For simplicity, we simulated a constant wind field (i.e. wind speed is the same everywhere). However, in the future, we could modify this and include a 3D varying wind field map. We could treat this wind field map as a texture and extract the wind velocity at some coordinate based on the point mass position. Also, we could (and should) incorporate how objects alter the wind field map, which could potentially be done following Navier-Stokes equations like in smoke simulation.
The code to include aerodynamic forces, which was added to Cloth::simulate before Verlet integration, looks as follows:
// Extra credit: aerodynamic forces
bool ADD_AERODYNAMICS = true;
if (ADD_AERODYNAMICS) {
Vector3D wind_speed = Vector3D(0., 0., 30.); // constant wind vector field (m/s)
double rho = 1.225; // air density from google
double drag_coeff = 1.00;
double lift_coeff = 0.5; // drag_coeff >= lift_coeff
double scale_coeff = 5.0;
for (int row = 0; row < num_height_points; row++) { // y coord
for (int col = 0; col < num_width_points; col++) { // x coord
PointMass &pm = point_masses[row * num_width_points + col];
// In edge case use neighbor to the other side to approximate normal
Vector3D delta_row;
Vector3D delta_col;
if (row > 0) {
delta_row = point_masses[(row - 1) * num_width_points + col].position - pm.position;
} else {
delta_row = pm.position - point_masses[(row + 1) * num_width_points + col].position;
}
if (col > 0) {
delta_col = point_masses[row * num_width_points + (col - 1)].position - pm.position;
} else {
delta_col = pm.position - point_masses[row * num_width_points + (col + 1)].position;
}
Vector3D cross_prod = cross(delta_row, delta_col);
double area = cross_prod.norm();
Vector3D normal = cross_prod.unit();
Vector3D relative_velocity = (pm.position - pm.last_position) / delta_t - wind_speed;
normal = (dot(normal, relative_velocity) > 0) ? normal : -normal;
Vector3D wind_force = (drag_coeff - lift_coeff) * dot(relative_velocity, normal) * relative_velocity;
wind_force += lift_coeff * relative_velocity.norm2() * normal;
wind_force *= 0.5 * rho * area;
pm.forces -= scale_coeff * wind_force;
}
}
}
The results are super cool!
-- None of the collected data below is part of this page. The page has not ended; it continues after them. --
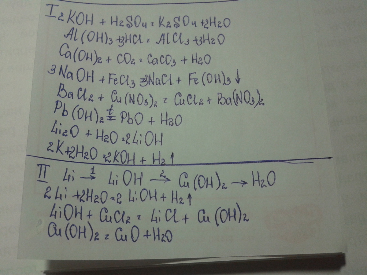 а) KOH + H2SO4 - б) Al(OH)3 + HCl - в) Ca(OH)2 + CO2 - г) NaOH + FeCl3 -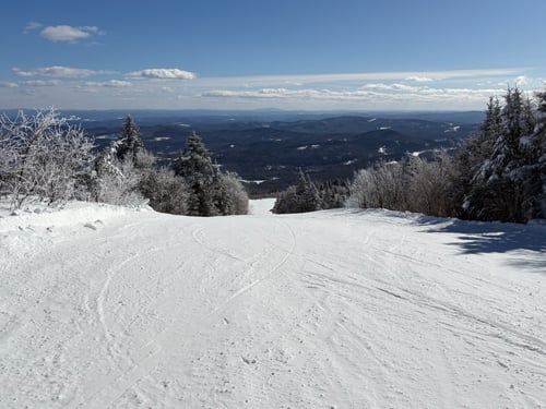 It's the only easy trail from the South Face summit, but there are some steeper parts which may make you question that rating. (It was rated as intermediate until 2003). It's not as scenic as longer summit trails like Upper Mountain Road or Tuckered Out, but it's a nice relaxing alternative to the many advanced trails on South Face.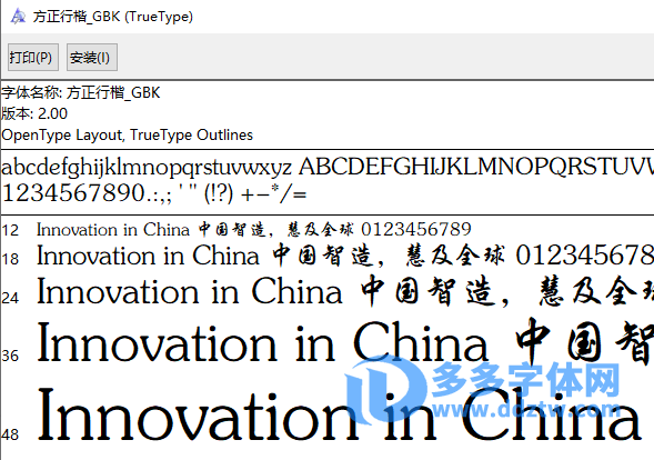 方正行楷_GBK v2.0.ttf字体,如下图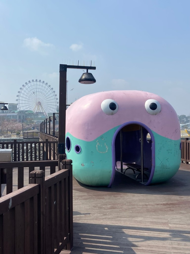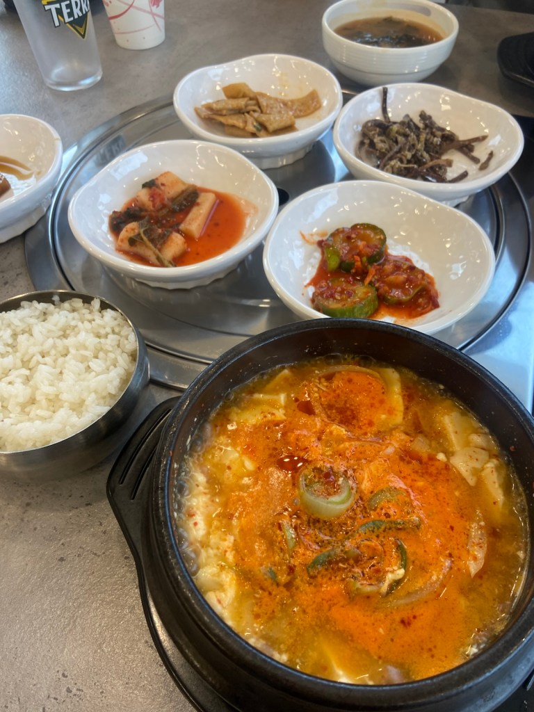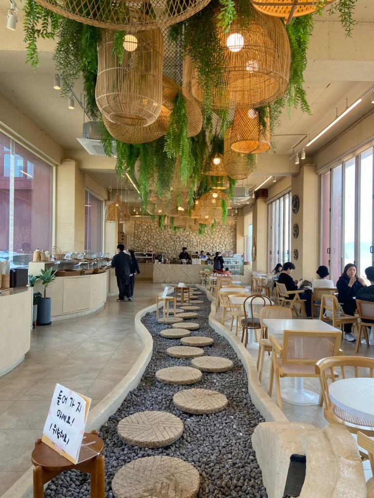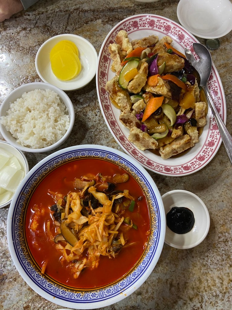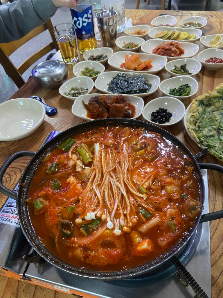 Day 8: Friday 4 April. We knocked out course 89 and started 88 on what was an extremely varied 15km route. We checked out of our haunted love motel mansion and walked along a busy highway for a bit before turning into a deserted camping area which would normally be very busy in the Summer. Took a detour along some trails and hills where there were some lovely views before heading to an awesome bakery cafe 메이플라워 / Mayflower. Finished along the water towards our accommodation for the night at 스위텔 / Suitel. We’re still passing through all the fishing towns but managed to find a place that had 김치찌개 / kimchi stew and heaps of 반찬 / side dishes!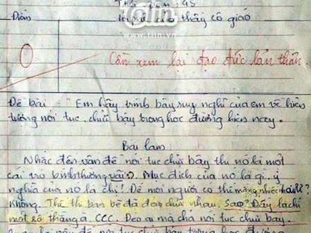 Lời bình: Có lẽ em này chuyên đọc những truyện tranh kiểu như: "Ðấm! Ðá! Hự ! Bụp!..."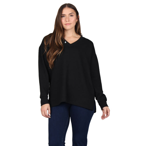 FEATURES V-neck Long sleeves Slits on both sides of the bottom Ribbed neckline and cuffs Loose fit Super soft & stretchy fabric Pullover styli...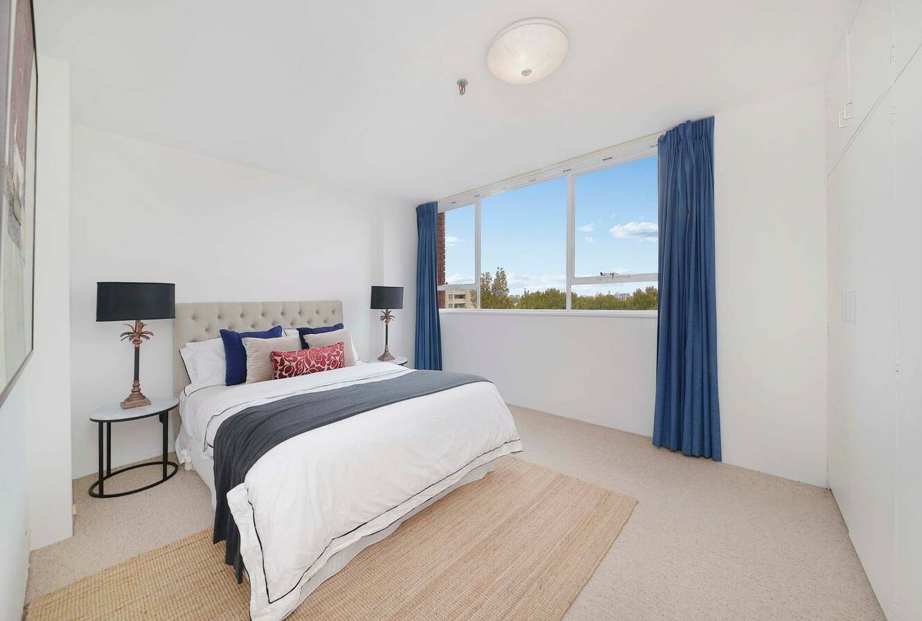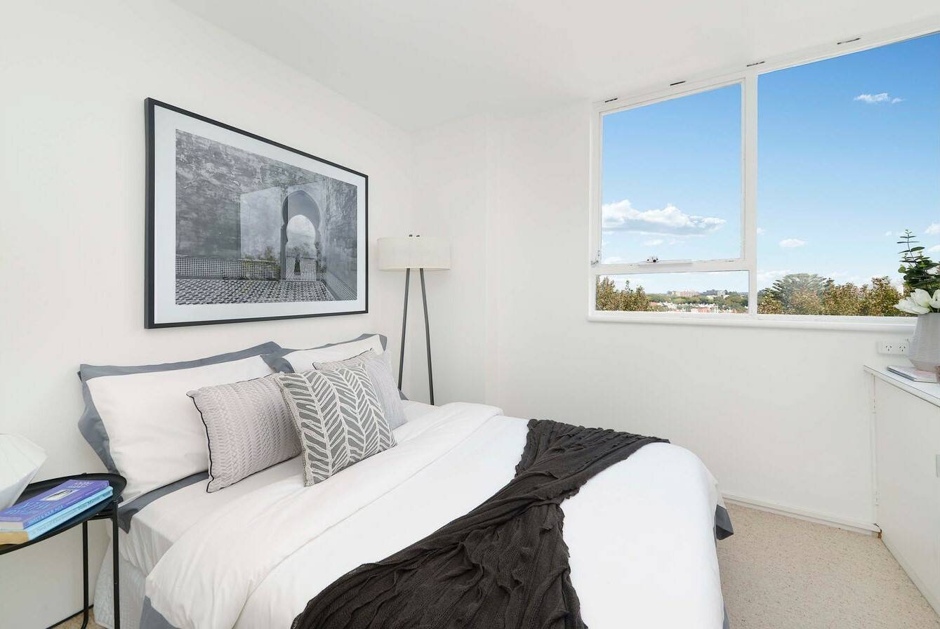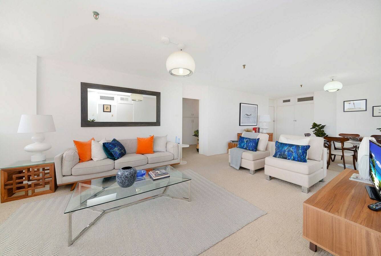 This three-bedroom apartment in Piccadilly Gardens, Woollahra, boasts stunning panoramic views from every room, surrounded by windows on all sides. Located on the seventh floor, it offers expansive views that are particularly enchanting at night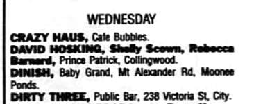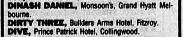 19-Dec-92 AU Melbourne-Abbotsford,Bakers Arms Hotel (Saturday night residency -2 sets)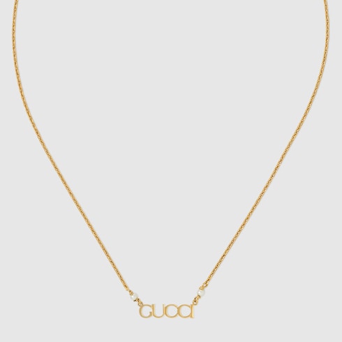 L’inscription Gucci, présentée en trois dimensions, affirme son style sculptural. La collection de bijoux tendance, disponible dans les tons or jaune et or rose, comprend des bracelets, des colliers, des boucles d’oreilles individuelles et des chevalières. Ce collier en métal couleur or est orné du logo Gucci sculpté.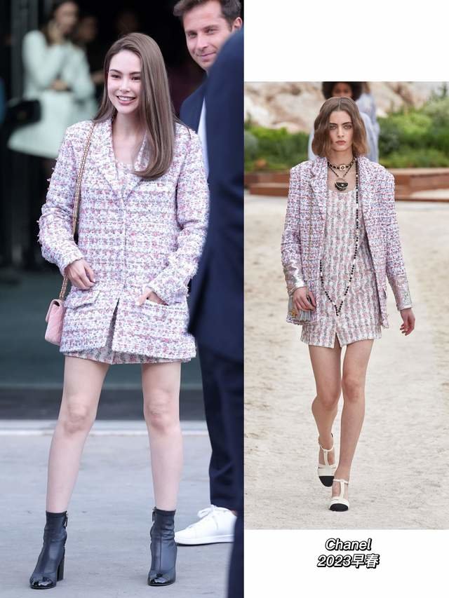 生完三胎才没多久的昆凌这次也惊喜亮相巴黎香奈儿大秀。选了一套来自香奈儿2023早春度假系列的粉紫色系的粗呢套装,就是非常乖巧甜美的贵娇妻风格。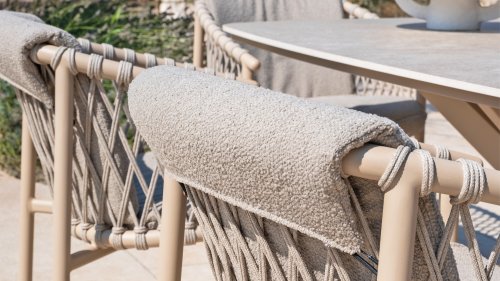 Der Stoff des Sitzes besteht aus Olefin, einem synthetischen Material, das für seine Festigkeit und Wetterbeständigkeit bekannt ist. Die Polsterung aus Bouclé-Ton sorgt für eine luxuriöse und weiche Textur, die sowohl ästhetisch ansprechend als auch praktisch ist. In der Allora-Serie ist auch ein Loungegruppe erhältlich: 4 Seasons Outdoor Allora Loungegruppe, um das Ganze abzurunden!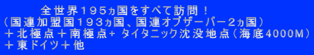 タイタニック爆縮事故に関する私のテレビインタビュー(2023) リンク 世界の写真を追加更新 (各国の写真をクリックして写真アルバムにジャンプ) リンク (ボリビア、ブラジル、チリ、ベネズエラ、中国、台湾、チベット) 南極大陸へ行き、皇帝ペンギン生息地を冒険(2022年11月27日ー12月4日) 写真・ビデオ ニューカレドニアでブラックマンタと泳ぐ (2023年2月15日26日) 写真・ビデオ 米国サンフランシスコでサイン会!!初の開催 2016年2月13日土曜日午後4時、サンフランシスコ紀伊国屋にて、私の自著「地球3第冒険紀行」のサイン会&トークショーが開催されました。詳細 マダガスカルのキツネザル 詳細 第9回ICAS学会 (アジア研究の国際会議として最大規模)で発表した論文の紹介。論文のタイトル:オーストラリア潜水艦計画ー日豪米に秘策があるのか? 論文のスライドショー(日本語) (英語)、論文発表ビデオ(英語) 詳細は、ここをクリック 「地球3大冒険紀行」を贈呈させていただきました 裏千家玄室大宗匠 在豪日本大使館大使 善行会から表彰されました(国際貢献部門) 写真 表彰状 掲載記事 キリマンジェロの頂上に到着! (アフリカ大陸最高峰 約6000メートル) 頂上到着証明書 写真 モルディブでジャイアント・マンタと遭遇 ビデオ 写真 4300メートルからスカイダイビング 証明書 ビデオ 260メートルからスカイジャンプ (ラスベガスの夜空から舞い降りる) 写真 証明書 ビデオ 北朝鮮を訪問! ビデオ タインウェイ&サンズピアノ工場視察 (ドイツ(ハンブルグ) 写真 ビデオ オーストラリアのシドニーにあるImaxシアターで、私のタイタニック沈没地点到達の記録が紹介されました 記事1 記事2 茶道裏千家から茶名を授与 華道古流から師範を授与 過去のテレビ出演・雑誌掲載 はなまるマーケット(TBS) ものしり一夜づけ(NHK) 週刊新潮 蔵衛門ソフト 美女とヤジ馬(埼玉テレビ) 超人大陸 マザーテレサさんの名刺 マウンテンゴリラと初対面! ウガンダゴリラ訪問証明書 ルアンダゴリラ訪問証明書 写真 シドニーハーバーブリッジクライムで橋の頂上に到達 制覇する! 証明書 写真 世界東西南北に立つ ![]() 政治の世界 e大学 |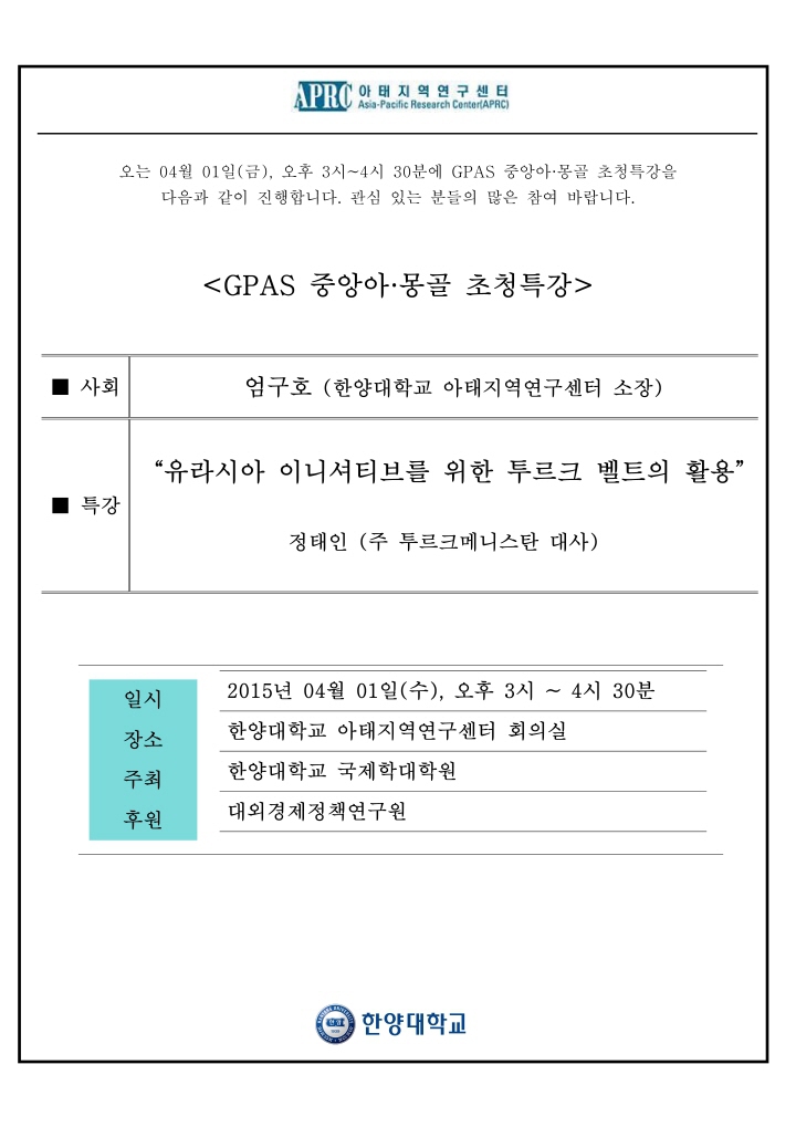 [공지] GPAS 중앙아·몽골 초청특강 (2015.04.01)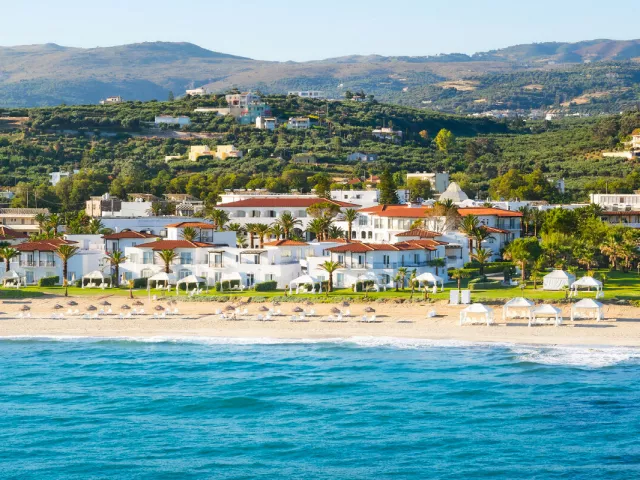Hotel sa nachádza priamo na 300 metrov dlhej pláži v stredisku Rethymno, vzdialenom iba 4 km od historického centra a 75 km od medzinárodného letiska Heraklion.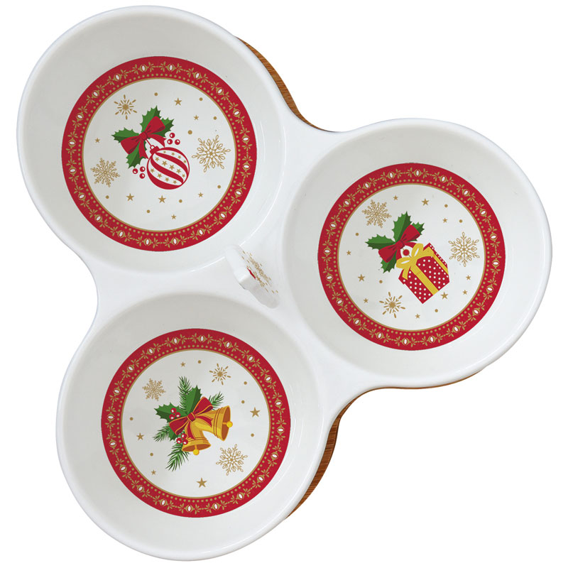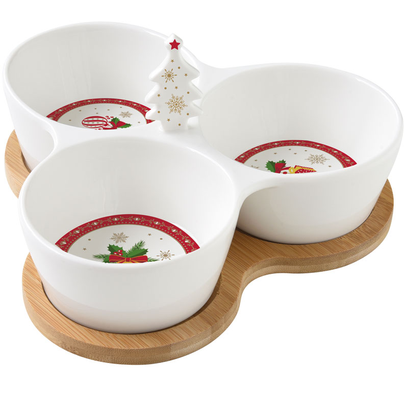 Komplet trzech miseczek na bambusowej tacy. Miseczki w klasycznym kształcie. Mogą być ciekawym pomysłem na prezent.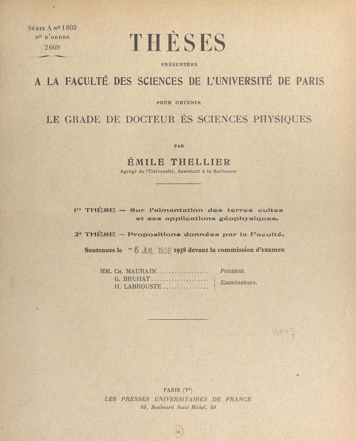 Thèses présentées à la Faculté des sciences de l'Université de Paris pour obtenir le grade de Docteur ès sciences physiques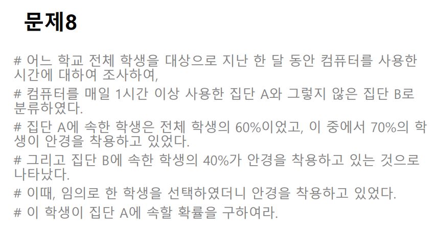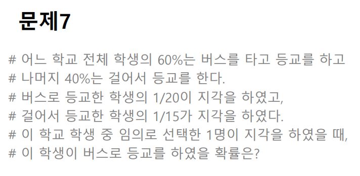 답 : ( P(B|A)*P(A) / (P(B|A) * P(A) + P(B|A x) * P(A x))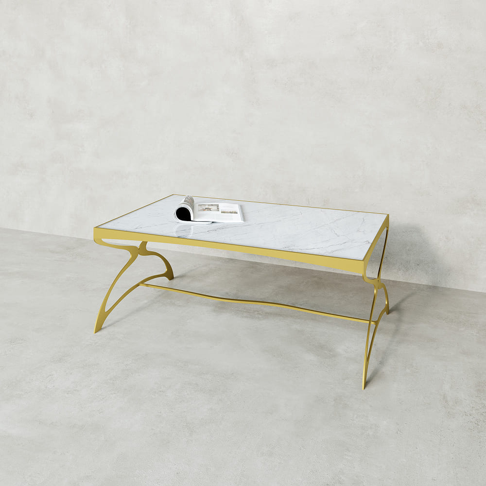Журнальный стол ZINGEROSO Glass 102 х 62 см, белый мрамор/золотой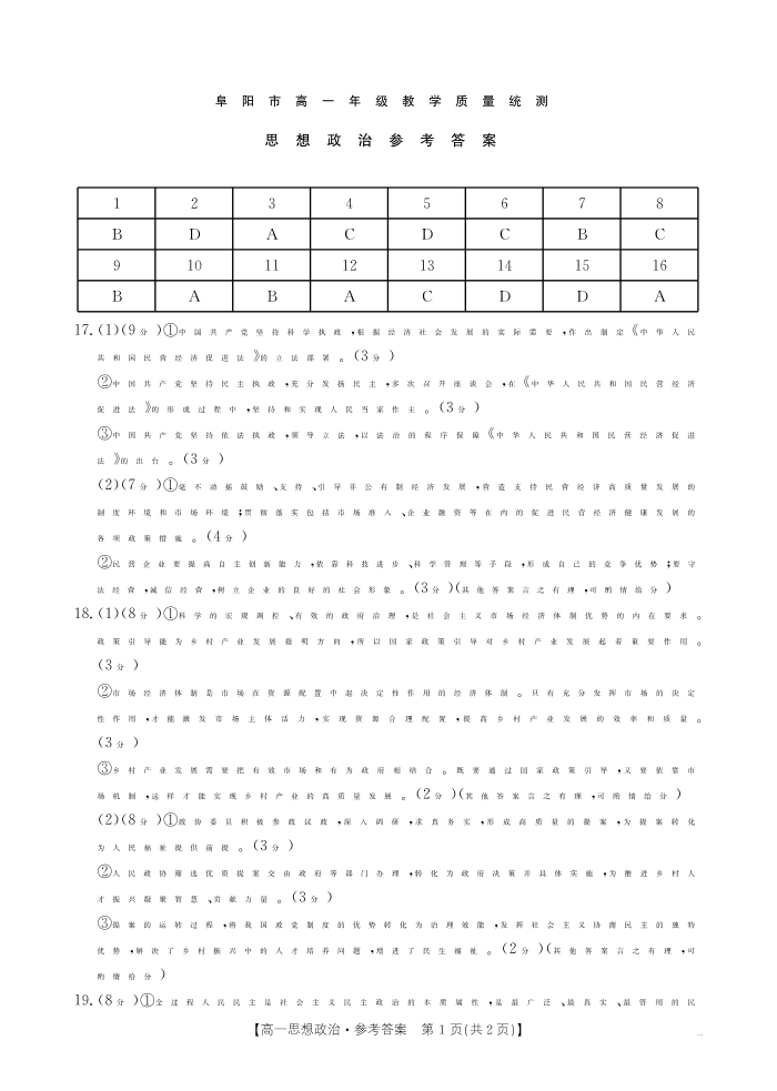 安徽省阜阳市2024-2025学年高一下学期7月期末考试政治答案

We can also note that these aerodynamic forces also play a role even if there’s no wind: if the cloth has some speed, then there will be aerodynamic forces which will slow it down. Below we show some cool examples where we simulated wind for some pinned cloths:
Vertical cloth with 2 vertices pinned:
Vertical cloth with all 4 vertices pinned:
Note on collaboration
We’ve been working together since the first project, as well as collaborating in research in our lab. For the CS284A course projects we’ve worked independently on the each task of the coding part of the assignment (in separate branches), and we would discuss issues / point out bugs / discuss alternative implementations. At the end we would either merge one of the two branches into master or combine parts of each branch. Now, for the write-up, we usually split the tasks. This has been working since we both have tight schedules and allows both of us to dig into the code (and learn in this process).